[Records excerpted from a collection]
# # # #

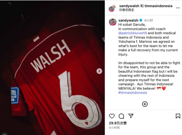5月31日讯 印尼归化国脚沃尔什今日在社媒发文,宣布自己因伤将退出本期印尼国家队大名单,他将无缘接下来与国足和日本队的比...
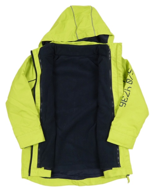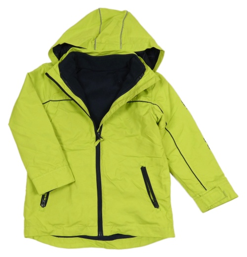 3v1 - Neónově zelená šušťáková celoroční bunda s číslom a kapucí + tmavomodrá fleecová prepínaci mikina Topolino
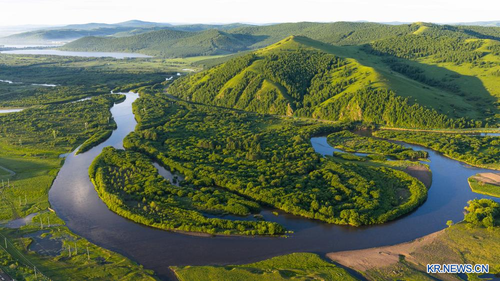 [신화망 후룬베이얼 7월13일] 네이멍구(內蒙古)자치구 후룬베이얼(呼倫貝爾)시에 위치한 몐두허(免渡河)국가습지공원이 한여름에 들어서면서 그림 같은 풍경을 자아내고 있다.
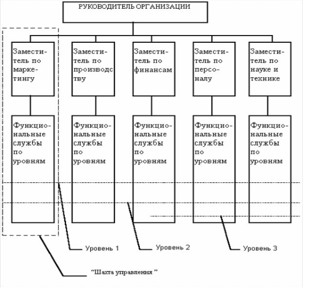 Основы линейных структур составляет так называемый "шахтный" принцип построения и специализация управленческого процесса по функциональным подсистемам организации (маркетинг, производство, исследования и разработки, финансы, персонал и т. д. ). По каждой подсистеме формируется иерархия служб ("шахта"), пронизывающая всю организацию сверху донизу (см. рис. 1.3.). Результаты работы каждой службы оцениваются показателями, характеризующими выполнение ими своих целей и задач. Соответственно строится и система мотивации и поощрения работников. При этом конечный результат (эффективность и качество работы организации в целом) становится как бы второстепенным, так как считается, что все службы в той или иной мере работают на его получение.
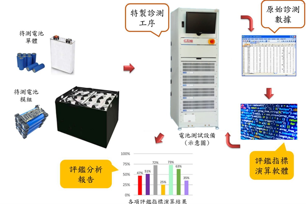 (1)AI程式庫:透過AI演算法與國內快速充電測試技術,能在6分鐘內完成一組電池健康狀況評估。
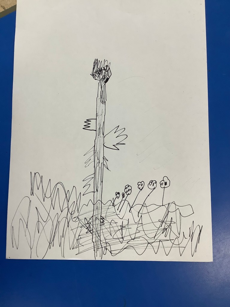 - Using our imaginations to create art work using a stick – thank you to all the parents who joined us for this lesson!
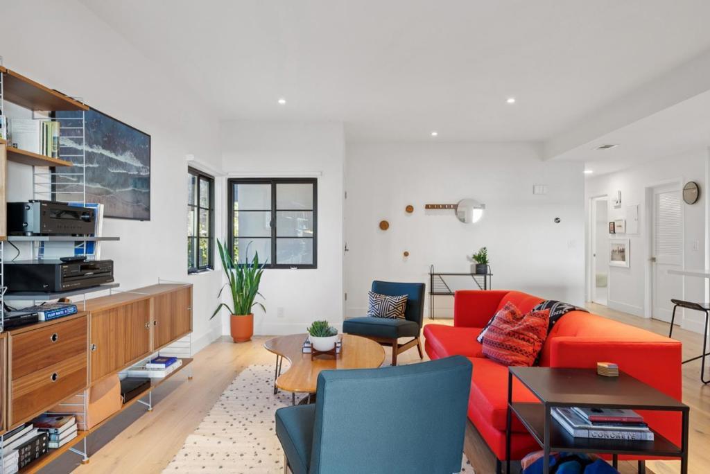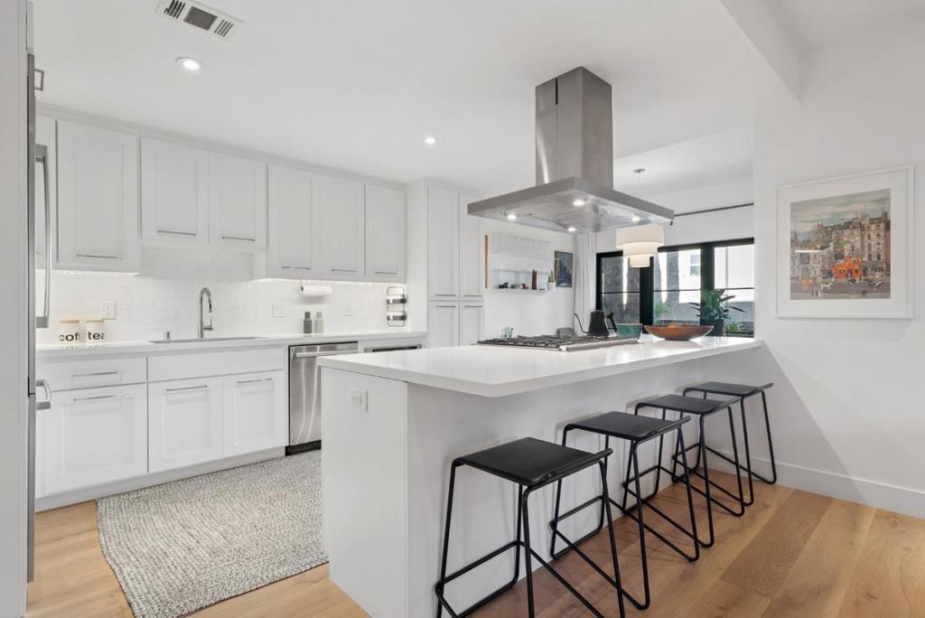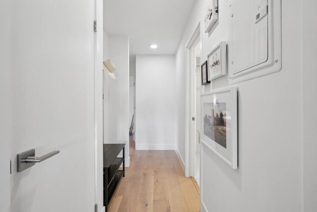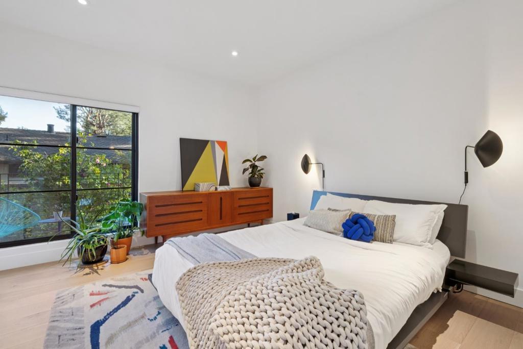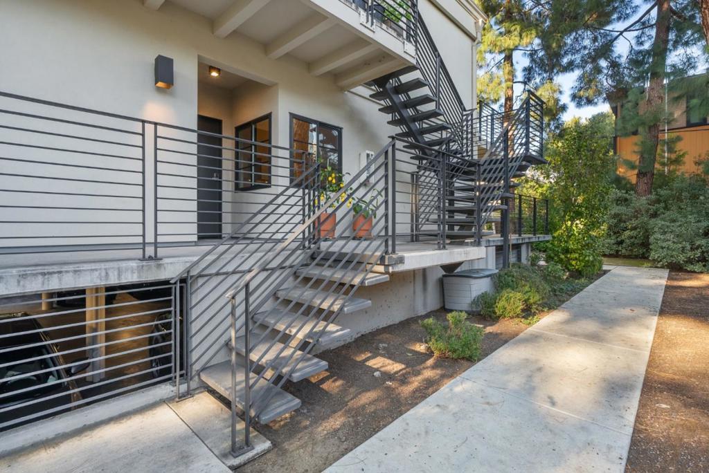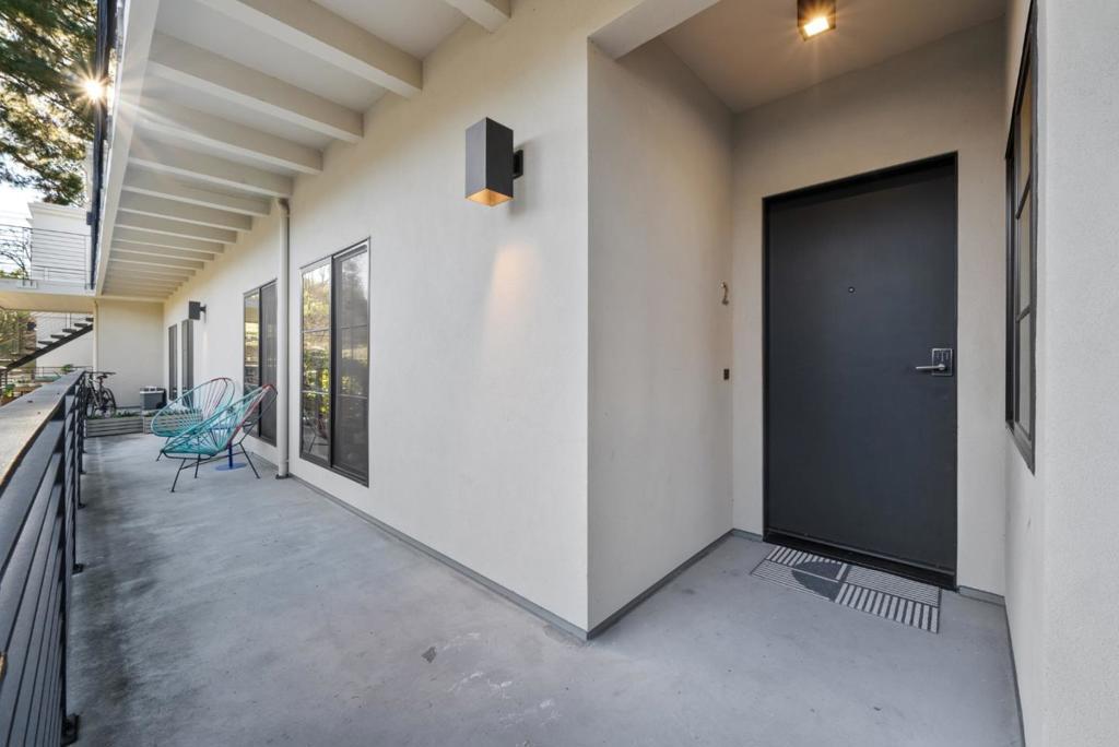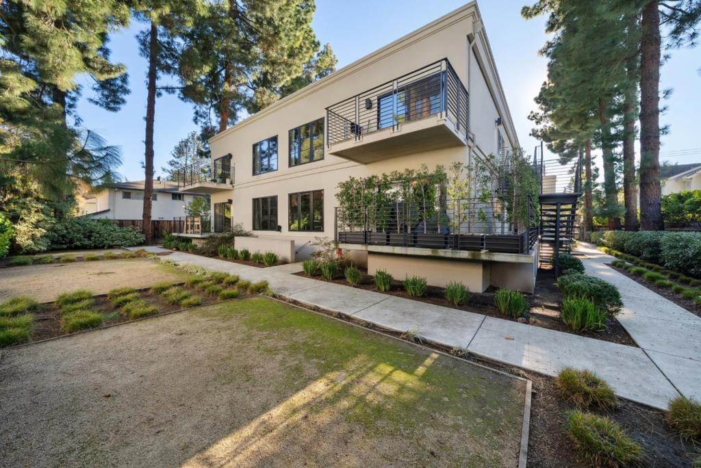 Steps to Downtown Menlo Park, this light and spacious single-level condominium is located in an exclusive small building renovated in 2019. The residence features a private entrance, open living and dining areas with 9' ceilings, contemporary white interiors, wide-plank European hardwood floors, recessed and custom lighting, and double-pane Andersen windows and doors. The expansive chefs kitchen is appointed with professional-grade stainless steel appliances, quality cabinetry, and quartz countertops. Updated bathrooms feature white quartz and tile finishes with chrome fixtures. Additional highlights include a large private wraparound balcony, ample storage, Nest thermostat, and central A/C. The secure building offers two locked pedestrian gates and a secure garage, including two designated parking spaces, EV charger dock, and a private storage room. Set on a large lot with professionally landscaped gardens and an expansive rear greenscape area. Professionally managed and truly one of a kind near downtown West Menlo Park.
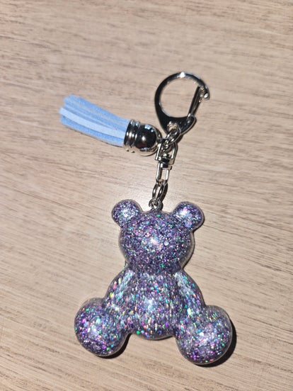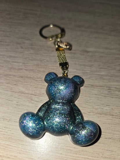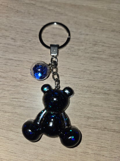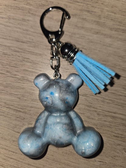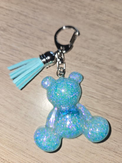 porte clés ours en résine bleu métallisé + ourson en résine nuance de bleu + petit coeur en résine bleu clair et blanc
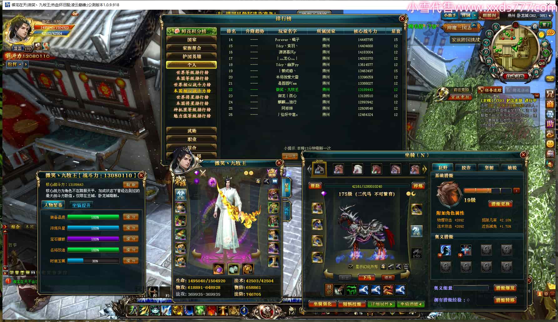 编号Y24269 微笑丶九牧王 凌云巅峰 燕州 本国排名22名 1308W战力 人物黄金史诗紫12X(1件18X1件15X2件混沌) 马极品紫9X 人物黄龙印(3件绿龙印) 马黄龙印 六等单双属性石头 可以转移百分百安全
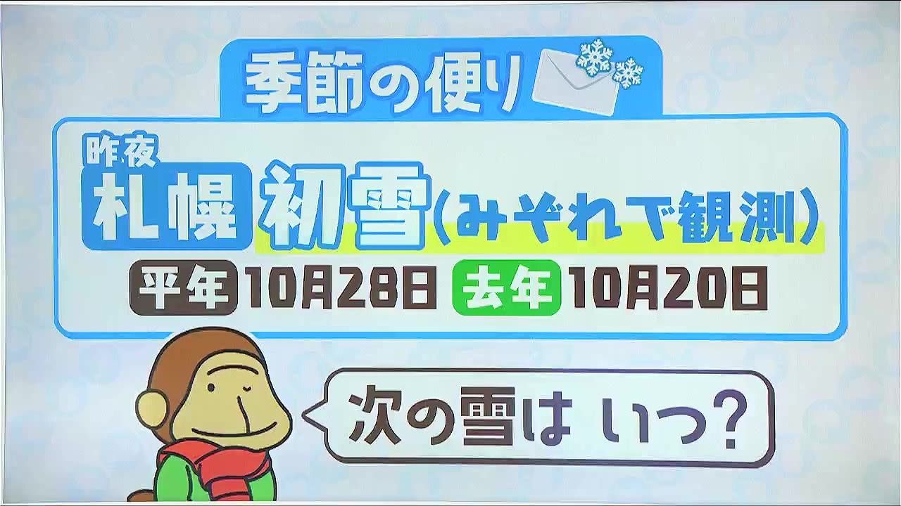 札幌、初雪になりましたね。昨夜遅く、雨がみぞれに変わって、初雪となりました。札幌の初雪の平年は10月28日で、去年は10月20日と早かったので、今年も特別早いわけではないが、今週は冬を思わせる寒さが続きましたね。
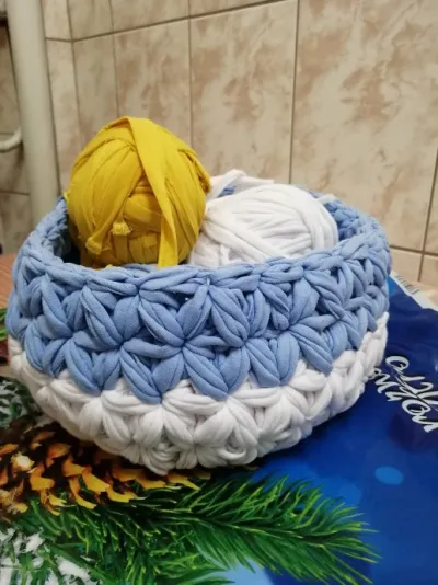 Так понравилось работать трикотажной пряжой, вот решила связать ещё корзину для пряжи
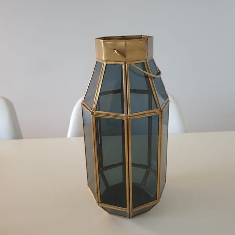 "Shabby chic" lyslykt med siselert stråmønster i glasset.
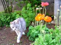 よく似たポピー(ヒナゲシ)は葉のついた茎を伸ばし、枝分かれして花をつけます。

# # # #

## EXERCISE INSTRUCTIONS
Although pictures appear among the records above, none are to be output; print exactly the lines from the line containing "[신화망 후룬베이얼 7월13일]" through the line containing "- Using our".

## YOUR RESPONSE
 [신화망 후룬베이얼 7월13일] 네이멍구(內蒙古)자치구 후룬베이얼(呼倫貝爾)시에 위치한 몐두허(免渡河)국가습지공원이 한여름에 들어서면서 그림 같은 풍경을 자아내고 있다.
 Основы линейных структур составляет так называемый "шахтный" принцип построения и специализация управленческого процесса по функциональным подсистемам организации (маркетинг, производство, исследования и разработки, финансы, персонал и т. д. ). По каждой подсистеме формируется иерархия служб ("шахта"), пронизывающая всю организацию сверху донизу (см. рис. 1.3.). Результаты работы каждой службы оцениваются показателями, характеризующими выполнение ими своих целей и задач. Соответственно строится и система мотивации и поощрения работников. При этом конечный результат (эффективность и качество работы организации в целом) становится как бы второстепенным, так как считается, что все службы в той или иной мере работают на его получение.
 (1)AI程式庫:透過AI演算法與國內快速充電測試技術,能在6分鐘內完成一組電池健康狀況評估。
 - Using our imaginations to create art work using a stick – thank you to all the parents who joined us for this lesson!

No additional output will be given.